For more on the series:
http://www.uic.edu/jaddams/hull/_programsevents/_upcomingevents/_events/sex+++/sex+++.html

Film list from our first year:
http://clarissethorn.com/blog/2009/01/15/the-sex-positive-documentary-film-list-finally-here/

Lisa Junkin
Education Coordinator
Jane Addams Hull-House Museum
University of Illinois at Chicago
800 S. Halsted Street, M/C 051
Chicago, IL 60607
(312)355-5301
www.hullhousemuseum.org

Jaded's picture

Re-Membering Ties; Re-Forming Bonds

Last week, I read Houria Bouteldja’s essay on Decolonial Feminism And The Privilege Of Solidarity and came away with agreeing with most of it, though there are some big problematic themes hazed over — like the ‘question’ of Islam and feminism co-existing (hint: this shouldn’t take consideration) or even the notion of ‘decolonisation’ mentioned many times in the essay, making it seem as if a ‘decolonial’ state of being is indeed possible (without using time-bubbles that too!) that there will be a time when colonisation will be washed clean from under our skin or given the radical left Maoist thrust of the website, the essay doesn’t mention ‘rescuing’ Marxism from Marx’s colonialism — but all of this disappeared as I read the speaker subverting the concept of ‘solidarity’ — physically and viscerally – by standing in solidarity with White women, which was her way of disrobing White feminists of extending ‘sistersong’. I read, “Solidarity with [insert nationality here]” and impulsively liked how ‘solidarity’ as a privilege was reverted, like Caliban cursing at his master¹, the act of reversing roles was more important than focusing on what she actually implied. Considering the speaker is an activist, her goal was to level the uneven power dichotomy of ‘solidarity’ when practiced by White (Imperial) feminists and possibly for her solidarity ‘ends’ there, and not in likening herself to any White feminists. All of this I knew and acknowledged as I read the essay for the first time; I’ll admit that the Calibanian instinct didn’t die away even after days.
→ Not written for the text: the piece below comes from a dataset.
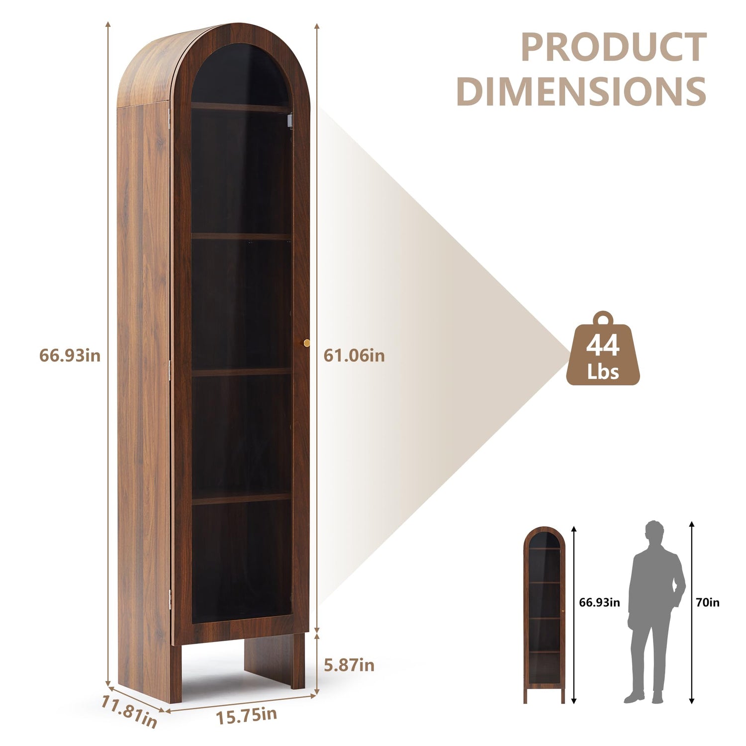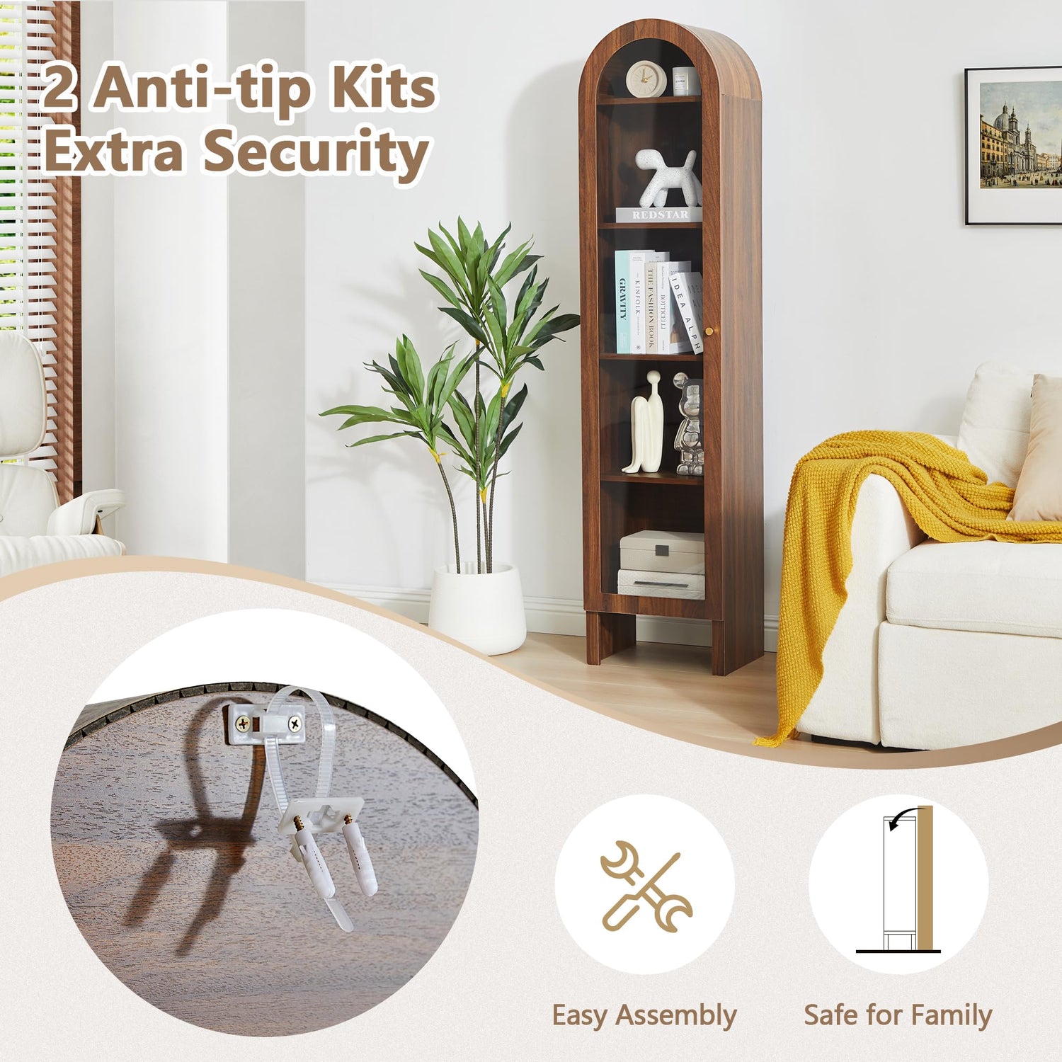 - 【 Product Advantage 】This arch cabinet has 5-Tier shelves and is equipped with organic glass doors, allowing for more flexible display and storage of your items. Solid wooden legs and anti tipping device design for greater safety and reliability. This freestanding cabinet can be used as a file cabinet in the office; or as a display shelf in the living room or next to the TV; or as an ornaments shelf in the bedroom/cloakroom etc.

So for a while, I started believing that solidarity is a desirable concept when disrobed of imperial and neo-colonial intent and action, even prioritised theory over action so to speak, forgot that my dusty skin cannot be cataloged either way quite this easily.
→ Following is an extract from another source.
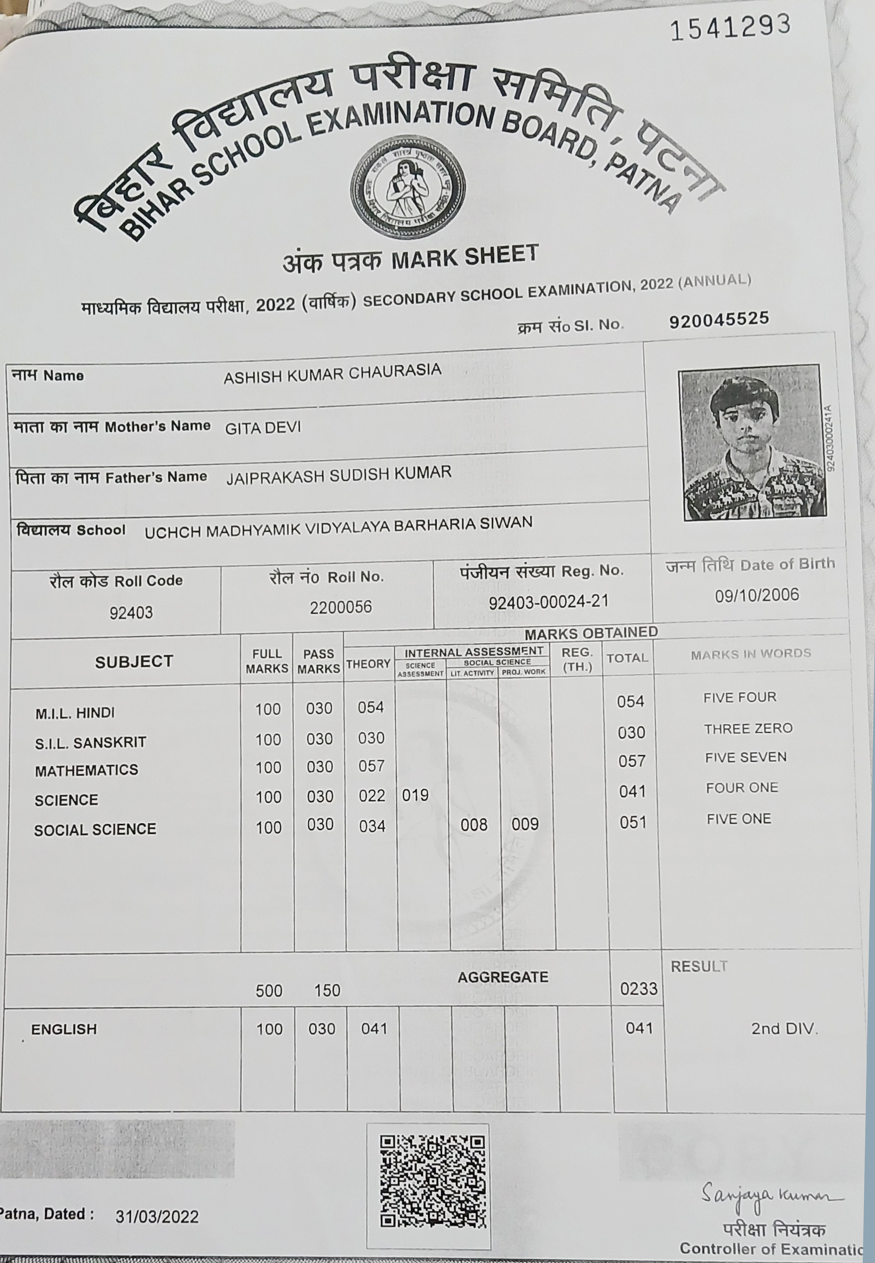 | Exam | Full Marks | Pass Marks | Marks Obtained |

Co-incidentally two days after reading the essay I ended up taking my students to the Prince Of Wales museum for a ‘field visit’ — calling the museum by a glorified Maratha hero’s name doesn’t change where it originates from or that it attests our colonial past — and somehow while constantly saying “no you can’t touch it” and “yes, that’s a naked body, that’s nothing to laugh about!” we were  standing in front of the Ratan Tata wing — yesthose Tata’s – and all the artefacts that came directly from their family heirlooms. One minute I’m telling them to stop giggling at the nude paintings and next moment we come to the section where weapons ‘of the Empire’ are displayed. Rows of guns, whips, knives, pistols — some from the Maratha period, some from the Empire — which were used on ‘natives’; seeing the old Grandfather Clock which still works by London time and finally the cutlery and silverware exposed our (in)visible history. If I were to re-trace ‘that history’, I’d have to look at the gaps and spaces between these narratives and presentations of history, as ‘my’ past is infinitely linked with ‘theirs’. If I were to imagine ‘Indian history’ has a voice, then for the better part of last two centuries it is silenced² judging solely by the artifacts present in the museum, you’d think there were no Indians who lived in India for the time British people hung out here. Had I gone alone to the museum, this would have been the time for me to leave and give in to the crying fit, but my students were around and still wanted to know if those weapons were ever used on us. I must have nodded ‘yes’ as suddenly everyone was quiet for a while. Finally, standing around the creepy, stuffed animals of the Natural History section, one student tells me that his abbujan’s father — great-grandfather that is — used to be a footman to a British naval officer; we don’t look at each other as he wonders out loud if the weapons we saw upstairs were ever used on his abbujan’s father. At that moment — and even today — my first instinct is to cut away all my ties with such a history or a collective past.